Эжену становилось все хуже. Он уже несколько дней ощущал недомогание, но старался не обращать на него внимания – должно быть, простудился, вот и все, пройдет. Теперь у него определенно начинался сильный жар. Несколько раз он ощущал тошноту и был вынужден, прерывая допрос, удаляться в нужник, но, так как он ничего не ел, дело всякий раз ограничивалось лишь спазмами, едва не выворачивающими его наизнанку. Глаза болели, веки словно наливались свинцом, и Эжен позволил им опуститься и проводил допросы с закрытыми глазами, ориентируясь на звук – вот стукнула, отворяясь, дверь, загрохотали шаги жандармов и зашуршали робкие шажки арестованного, скрипнул табурет – арестованный сел, можно начинать. Эжен хорошо знал все эти звуки и никогда не ошибался.

Но вот последний арестованный допрошен.

– Домой? – полюбопытствовал папаша Коплен, глядя на поднимающегося из-за стола Эжена.

Эжен в ответ только улыбнулся. Его ждали более приятные дела, но папаше Коплену ни к чему было знать об этом.

Он спросил у жандармов, в какую камеру поместили Нуарсея, взял ключ и полутемными извилистыми коридорами тюрьмы направился к своей цели. Для Нуарсея освободили крошечную клетушку в закутке на втором ярусе подвала. Свет факелов, чадивших в коридоре, едва достигал этого уголка, и жандармы, прохаживающиеся взад-вперед и время от времени заглядывающие в камеры через специальные окошечки, редко давали себе труд дойти до этой последней двери. Впрочем, один из них пристально взглянул на Эжена, который подошел, ощупью (в этой полутьме трудно было что-либо рассмотреть) вставил заржавевший ключ в замочную скважину и с усилием его повернул, но Эжен не обратил на жандарма никакого внимания.
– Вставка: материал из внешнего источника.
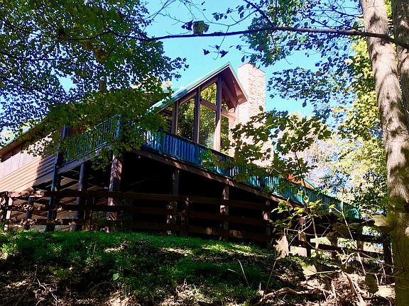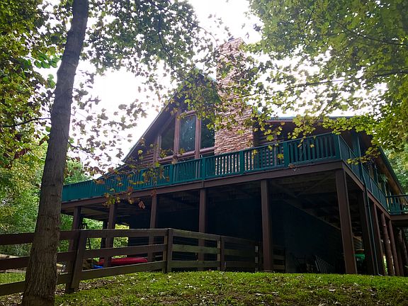 Mountain top hide away close to shopping and scenic drives. Rustic log home with huge beams, wood ceilings and walls.  Family room open to the kitchen with stacked stone fireplace and island. 1500 square feet of outdoor living space.

Тяжелая отсыревшая дверь с трудом повернулась в петлях.

В темной камере барон де Нуарсей лежал на узкой, покрытой соломой койке, с головой закутавшись в свой плащ и отвернувшись лицом к стене. Когда открылась дверь, он неторопливо повернулся и сквозь полумрак вгляделся в застывшую на пороге фигуру.

– Пришли пожелать мне доброй ночи, гражданин комиссар? – поинтересовался он.

У Эжена перехватило дыхание от злости, но он тут же успокоился, сказав себе, что Нуарсей просто пока не знает, в чьи руки он попал. Интересно, как он заговорит, когда узнает?

– Будем считать, что так, – ответил он почти с нежностью. – И рассказать вам сказку на ночь.

– Вот как? Ну что ж, присаживайтесь, – Нуарсей сел на своей лежанке и подвинулся, освобождая место для комиссара.

Но Эжен не воспользовался приглашением. Он приблизился к лежанке и остановился перед своим врагом, скрестив руки на груди и глядя на него сверху вниз. Нуарсей спокойно выдержал этот взгляд. На его тонких губах играла легкая безлично-любезная улыбка, как будто он сейчас принимал светский визит.

– Неужели вы меня совсем не узнаете? – вкрадчиво поинтересовался Эжен.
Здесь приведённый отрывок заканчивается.